▸ **Task requirements**
Please output exactly the part of the records below that opens with the line containing "Simple And Modern" and closes with the line containing "圖為西藏自治區(qū)林芝市", both lines included, and nothing else.

#####

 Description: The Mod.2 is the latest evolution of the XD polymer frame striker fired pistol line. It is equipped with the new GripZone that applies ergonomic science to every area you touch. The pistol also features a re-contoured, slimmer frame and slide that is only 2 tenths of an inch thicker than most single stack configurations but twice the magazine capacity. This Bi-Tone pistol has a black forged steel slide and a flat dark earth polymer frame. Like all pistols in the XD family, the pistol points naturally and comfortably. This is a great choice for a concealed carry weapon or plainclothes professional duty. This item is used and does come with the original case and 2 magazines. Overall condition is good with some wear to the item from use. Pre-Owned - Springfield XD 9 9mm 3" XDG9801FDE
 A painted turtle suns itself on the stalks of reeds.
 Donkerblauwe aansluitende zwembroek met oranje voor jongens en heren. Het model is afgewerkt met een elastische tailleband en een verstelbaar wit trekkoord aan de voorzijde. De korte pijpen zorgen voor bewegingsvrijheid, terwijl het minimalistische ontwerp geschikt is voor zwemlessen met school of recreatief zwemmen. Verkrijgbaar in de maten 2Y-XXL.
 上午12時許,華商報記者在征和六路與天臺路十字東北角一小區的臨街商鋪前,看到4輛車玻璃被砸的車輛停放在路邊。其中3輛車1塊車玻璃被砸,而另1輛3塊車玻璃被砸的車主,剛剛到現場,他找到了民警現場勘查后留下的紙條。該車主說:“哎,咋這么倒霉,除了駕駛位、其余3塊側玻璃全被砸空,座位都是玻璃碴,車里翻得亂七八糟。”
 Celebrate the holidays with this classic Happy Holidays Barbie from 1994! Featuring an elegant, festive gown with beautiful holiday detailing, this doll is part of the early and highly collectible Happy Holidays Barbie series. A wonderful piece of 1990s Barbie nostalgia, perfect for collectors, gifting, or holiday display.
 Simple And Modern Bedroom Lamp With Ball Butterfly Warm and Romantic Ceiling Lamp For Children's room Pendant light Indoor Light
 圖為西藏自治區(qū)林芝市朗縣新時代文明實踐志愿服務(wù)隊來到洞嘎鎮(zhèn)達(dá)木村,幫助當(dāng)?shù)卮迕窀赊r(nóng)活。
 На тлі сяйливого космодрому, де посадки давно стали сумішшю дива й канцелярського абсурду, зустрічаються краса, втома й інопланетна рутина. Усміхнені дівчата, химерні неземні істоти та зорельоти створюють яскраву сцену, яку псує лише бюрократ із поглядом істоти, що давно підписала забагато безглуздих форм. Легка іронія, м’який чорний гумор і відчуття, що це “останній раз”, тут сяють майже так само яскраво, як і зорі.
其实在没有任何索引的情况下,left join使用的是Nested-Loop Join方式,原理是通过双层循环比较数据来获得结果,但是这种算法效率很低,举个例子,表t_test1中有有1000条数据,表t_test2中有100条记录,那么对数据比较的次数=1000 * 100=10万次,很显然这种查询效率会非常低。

#####

▸ **The answer**
 Simple And Modern Bedroom Lamp With Ball Butterfly Warm and Romantic Ceiling Lamp For Children's room Pendant light Indoor Light
 圖為西藏自治區(qū)林芝市朗縣新時代文明實踐志愿服務(wù)隊來到洞嘎鎮(zhèn)達(dá)木村,幫助當(dāng)?shù)卮迕窀赊r(nóng)活。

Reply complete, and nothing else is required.